The CRC there was a temporary arrangement following a fire in the fighter control bunker at RAF Neatishead near Norwich six months earlier – a bad business which had caused unfortunate repercussions across the RAF’s air defence world. The station fire team at Neatishead had done their best to contain the blaze but when it became evident that they were struggling, civilian back-up was summonsed. In the bunker’s labyrinthine, smoke-filled corridors some of the civilian firemen became disorientated. Despite desperate efforts to locate and save them, when the men’s breathing apparatus eventually ran out of oxygen, three of the civilian firefighters succumbed, the tragedy of their deaths made even more poignant with the realisation that the fire had been started deliberately by a disgruntled airman. The fire itself continued to burn for nine days before it was fully extinguished. Later in the year, the airman responsible was sentenced to seven years in prison for starting the fire and causing the deaths. A major rebuild of the bunker complex at Neatishead would take eight years to complete until, in 1974, the CRC there was reopened.

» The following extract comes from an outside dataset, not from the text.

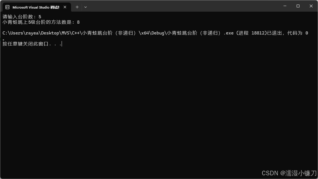 cout << "小青蛙跳上" << n << "级台阶的方法数是: " << frogJumpNonRecursive(n) << endl;
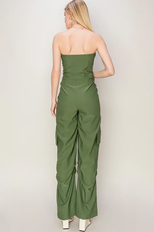 Relaxed Cotton Mineral Wash Pockets Harem Lounge RomperVendor:HYFVE

Just now, though, while I sat in my Lightning F3 to wait patiently along with the other pilots, there was time to observe the local Suffolk countryside with its fields and hedges and trees that stretched beyond the airfield boundary towards the famous Constable country which I’d overflown in yesterday’s Chipmunk flights. It was tempting to imagine what Constable might have made of a military airfield. Evidently he was not satisfied with painting scenery alone, for Constable liked, apparently, to include the human touch in his paintings with busy farmworkers, children near farmhouses and people outside cottages. Perhaps, I speculated, he’d have relished the opportunity to paint pilots and ground crews and their shiny Lightnings lined up in front of a cavernous hangar with, in the background, equipment and aircraft components scattered across oil-spattered, roughened floors. And he’d have captured, no doubt, the facial expressions of the ground crews who now stood looking really rather bored as everyone waited for action.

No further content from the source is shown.